__EXERCISE PROMPT__. The copy must hold every line from the one with "A cute leopard" through the end of the listing, word for word, and must hold no pictures.

__RECORDS__.
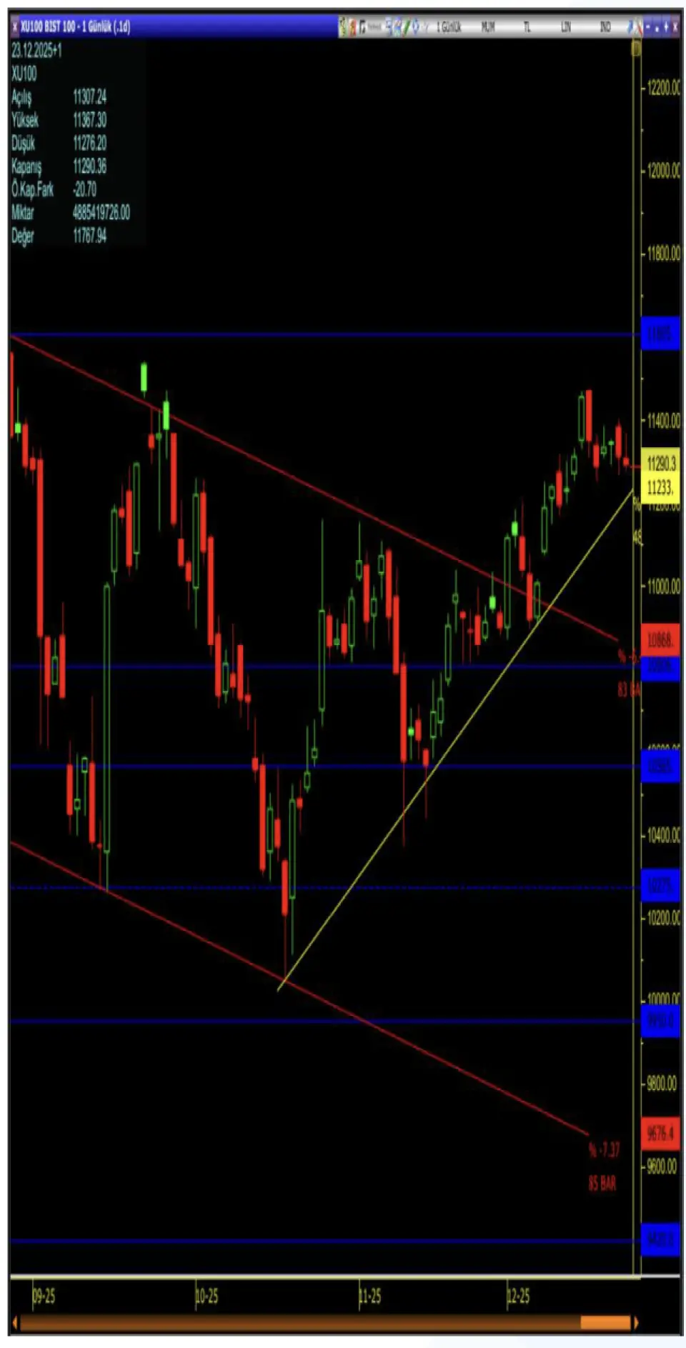 - "Geri çekilmelerin devamı halinde 11252 seviyesi kısa vadede kritik bir destek noktası olarak öne çıkıyor. 11252’nin altına sarkması durumunda, 11045 seviyesine doğru güç kayıpları görülebilir."
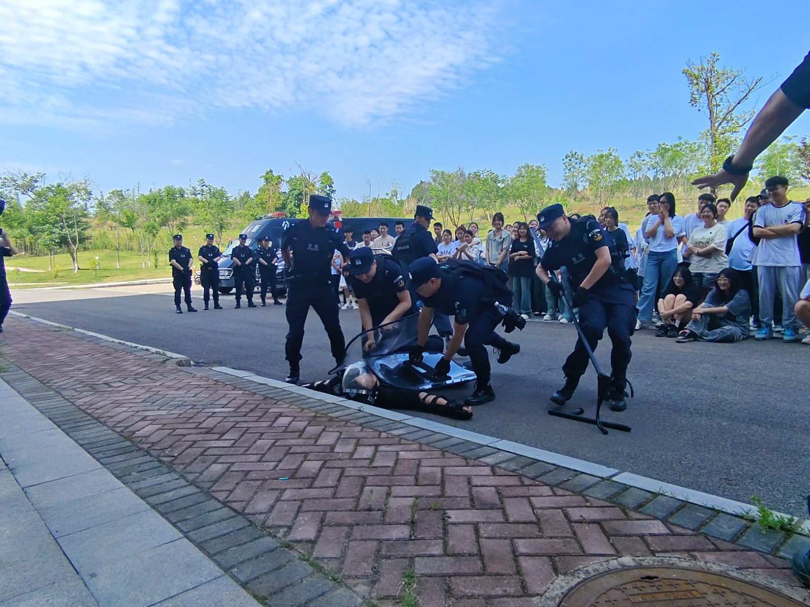 學院高度重視此次演練,堅持“真實、協(xié)調(diào)、統(tǒng)一”的原則,貫徹“安全第一、預防為主,綜合治理”的方針,提前部署,調(diào)度警力,制定嚴密的演練方案。反恐防暴演練過程包含警用裝備的正確操作與使用講解、反恐防暴隊形的教學、暴力恐怖事件演練等環(huán)節(jié)。
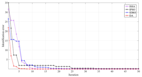 Comparison of the convergence curves of the total identification error.
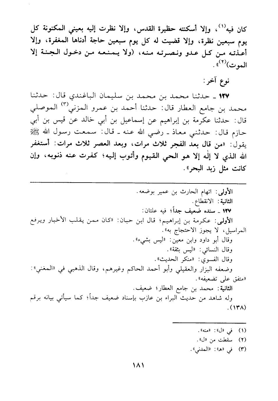 127 - حدثنا محمد بن محمد بن سليمان الباغندي قال: حدثنا محمد بن جامع العطار قال: حدثنا أحمد بن عمرو المزني (¬3) الموصلي قال: حدثنا عكرمة بن إبراهيم عن إسماعيل بن أبي خالد عن قيس بن أبي حازم قال. حدثني معاذ - رضي الله عنه - قال: سمعت رسول الله - صلى الله عليه وسلم - يقول: "من قال بعد الفجر ثلاث مرات، وبعد العصر ثلاث مرات: أستغفر الله الذي لا إله إلا هو الحي القيوم وأتوب إليه؛ كفرت عنه ذنوبه، وإن كانت مثل زبد البحر".
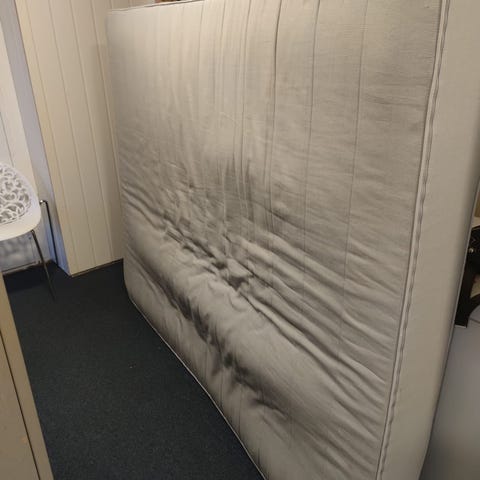 1.50 seng gis bort, god fjøremadrass uten bein. Er et par flekker på den
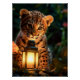 A cute leopard boy in the jungle. A lantern in front of him illuminates him and his surroundings. A great motif for the children's room as well as the hall or living room.
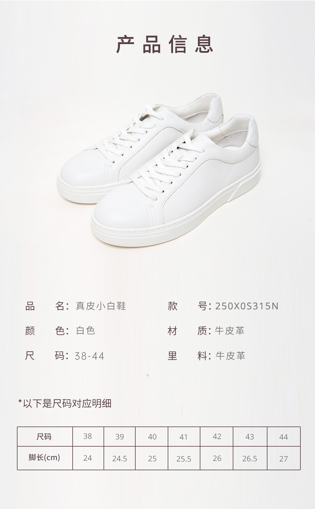 【总裁休闲】进口小牛皮小白鞋250X0S315N
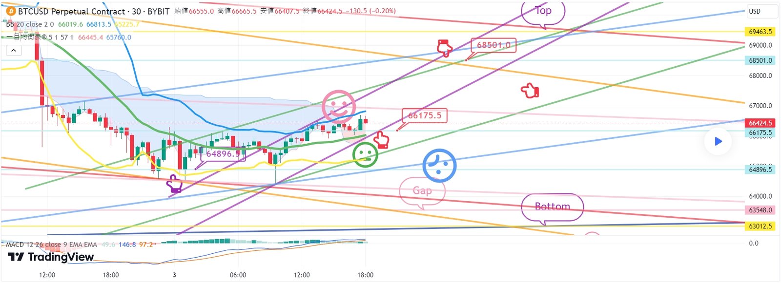 2. 68501火 ロングポジション 1次ターゲット -> Top 2次ターゲット

__EXERCISE SOLUTION__.
 A cute leopard boy in the jungle. A lantern in front of him illuminates him and his surroundings. A great motif for the children's room as well as the hall or living room.
 【总裁休闲】进口小牛皮小白鞋250X0S315N
 2. 68501火 ロングポジション 1次ターゲット -> Top 2次ターゲット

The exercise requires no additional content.